Integration with microfluidic devices continues to advance, but issues related to chip fabrication cost, scalability, and user interface design must be addressed for widespread adoption [1]. The incorporation of smartphone-based fluorescence or colorimetric readers can further enhance the portability and data connectivity of these devices [1].
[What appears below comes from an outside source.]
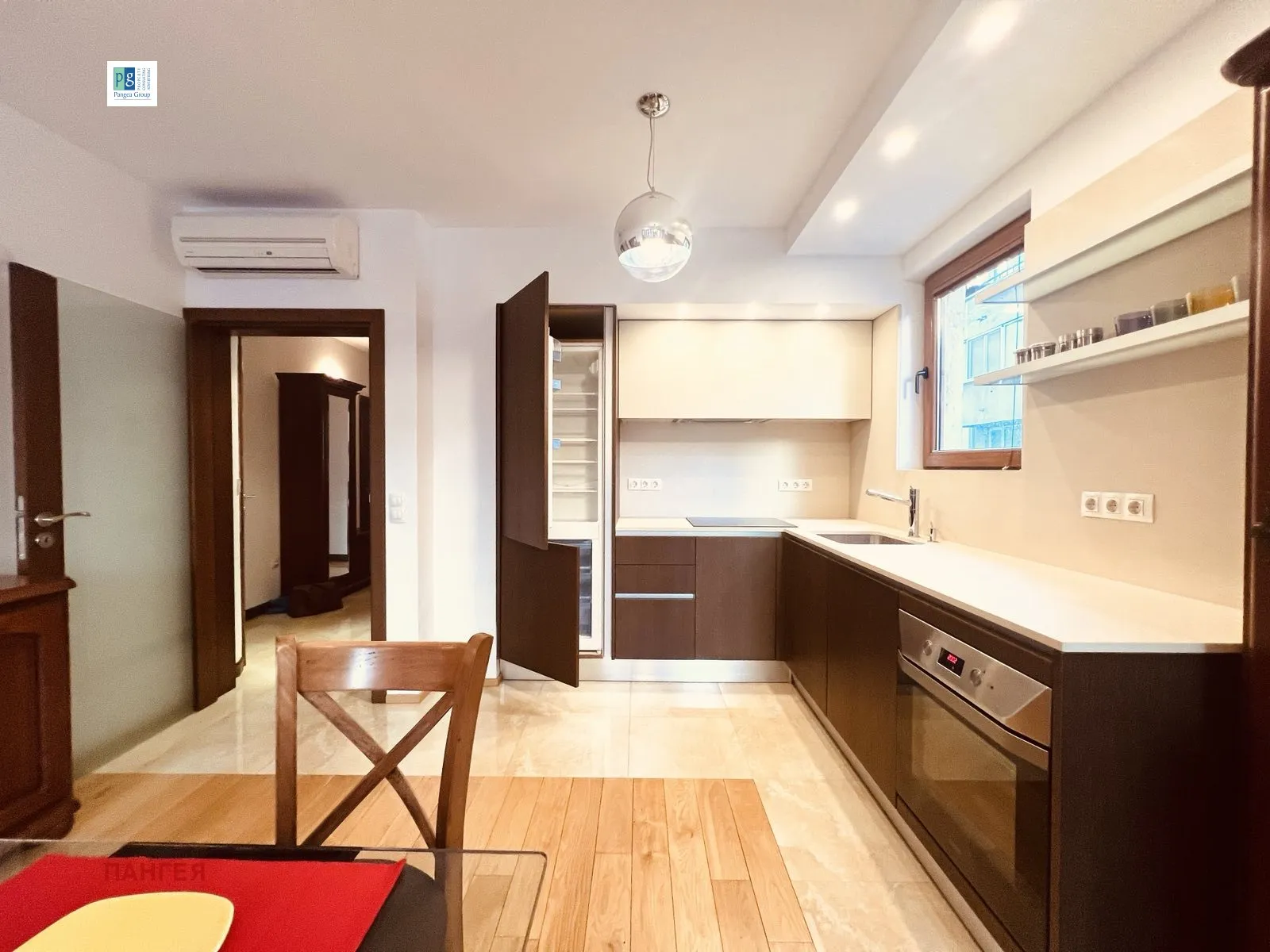 Пангея груп представя един от апартаментите в нея, разположен на втори етаж, който очаква своите първи наематели. Обзавеждането и обурудването са чисто нови. Подходящ е най-вече за семейство с деца или за хора съчетаващи обитаването и работата от вкъщи. Имотът се състои от просторен хол с кухненски бокс, трапезарна част и кът за релакс с мека мебел. Притежава две спални, от които едната е обзаведена с двойно легло, гардероб и нисък шкаф. Втората към момента е обособена като офис, но може да бъде преобзаведена според нуждите на новия наемател. Апартаментът разполага с баня с тоалетна и отделна самостоятелна тоалетна и тераси, достъпни от дневната и от спалните. Коридорът предлага портманто, гардероб и шкаф за обувки. За препарати и почистващи принадлежности място има в килера. Пералнята е инсталирана в шкаф/ниша в коридора. Метростанция България е на броени метри.

Future directions include the development of multiplexed panels for simultaneous detection of ASFV and other high-consequence swine pathogens, the integration of internal amplification controls for quantitative analysis, and the coupling of CRISPR diagnostics with genomic surveillance platforms for real-time monitoring of viral evolution [1].

Conclusion

CRISPR-based point-of-care diagnostics, leveraging Cas12a and Cas13a collateral cleavage activity combined with isothermal pre-amplification and simple signal readout, represent a transformative approach for ASFV detection in field settings. The integration of these assays into microfluidic devices promises to deliver rapid, sensitive, and specific molecular diagnostics that can be deployed at the point of care, supporting outbreak control and biosecurity efforts. Continued optimization of assay chemistry, device engineering, and validation in diverse field conditions will be essential for translating these technologies into routine veterinary practice.

References

[1] Zhang X, Zhao X, Song Y et al. Advances in CRISPR-Cas12a/13a-Based Nucleic Acid Detection for Porcine Viral Diseases: A Comprehensive Review. Vet Sci. 2026. URL: https://pubmed.ncbi.nlm.nih.gov/41745936/ *** Disclaimer: This article is for educational and informational purposes only. It is not intended to substitute for professional veterinary advice, diagnosis, treatment, or regulatory guidance. Always consult a licensed veterinarian or qualified specialist regarding animal health, disease diagnosis, and therapeutic decisions.